QCA Dataset Tracking board:

  • DD – Been working on PEPCONF. Ran it for about 1.5 weeks with dlc coordinates and reset=True. We’ve had about 2000 complete out of 7000 jobs. The rest are errored. Focusing on two “unknown” errors.

  • DD – Queue is emptying out. We’ve been chewing on some really large sets like Cerutti’s protein fragments, but they’re nearly done.

  • DD – There are some pending PRs that are close to submission. I’ll prioritize getting those in and following up with submitters. I also need to submit the pharma partner benchmarks sets.

  • JW – Will the new submission standards be changed to have dlc?

    • DD + TG – Yes. There’s a variant called default-dlc that can be used (since we’ll still want tric for multi-molecule submissions.

  • SB – I’d be interested in a more targeted set for WBOs.

    • DD – The queue should be totally open

    • SB and PB will sync up to prepare a cleaner WBO set.

    • TG – SB, there’s also a new set intended to study WBOs submitted by JM and Chris Bayly.

User questions

  • HP – Re: PEPCONF. You’re using DLC now for pepconf. Have you tried using other internal coordinate systems other than tric or dlc? (or cartesian coordinates)? Does the time per step change with choice of coordinates? That is, if each iteration takes more time, the saving might now be great overall.
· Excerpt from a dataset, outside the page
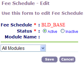 By default, every fee schedule functions in all modules. You can, however, limit a fee schedule to work in specific modules. For example, if your agency has a building module, a code enforcement module, and a service request module, you can have fee schedules, specific to building permits, that you do not want to assign to the other modules.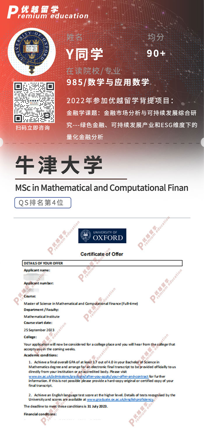 通過優越留學背提項目的學習和研究,Y同學成功獲得了牛津大學的offer。

    • DD – We haven’t checked this yes.

    • HP – The advantage of TRIC should be that it can converge faster.

    • (General) – OpenFF hasn't tried coordinate systems other than tric and dlc. In theory, the SCF convergence should be the expensive part, not the coordinate transformations/updates.

    • HP will with with DD on trying different solutions for PEPCONF issues.

  • HP – Regarding QCFractal’s built-in job deduplication. It will store and deduplicate job outputs, and also allow for importing jobs completed elsewhere.

    • BP – QCFractal only deduplicates on input – It looks at (program, method, bases, keywords, molecule), and will identify duplicates if those match. The molecule is stores as a QCSchema molecule (also referred to as a QCElemental molecule). This can store connectivity (with bond order).

  • PB – In pepconf, some runs were failing with SCF convergence werrrors because density didn’t converge. Trying out second-order methods worked pretty well. Would it be OK to use second-order SCF methods as a backup?

    • BP – I don’t see a problem with that, though QCA will see that as a different calculation.

    • PB – Second-order methods and damping helped a lot of our failures converge.

    • DD – We could have our datasets be something like a frankenstein of jobs run with slightly different settings.

    • JW – How does cost scale with second-order methods?

    • PB – Goes from N^4 to N^6

    • TG – Would be interested in finding a workflow/combination of settings that uses second-order when appropriate.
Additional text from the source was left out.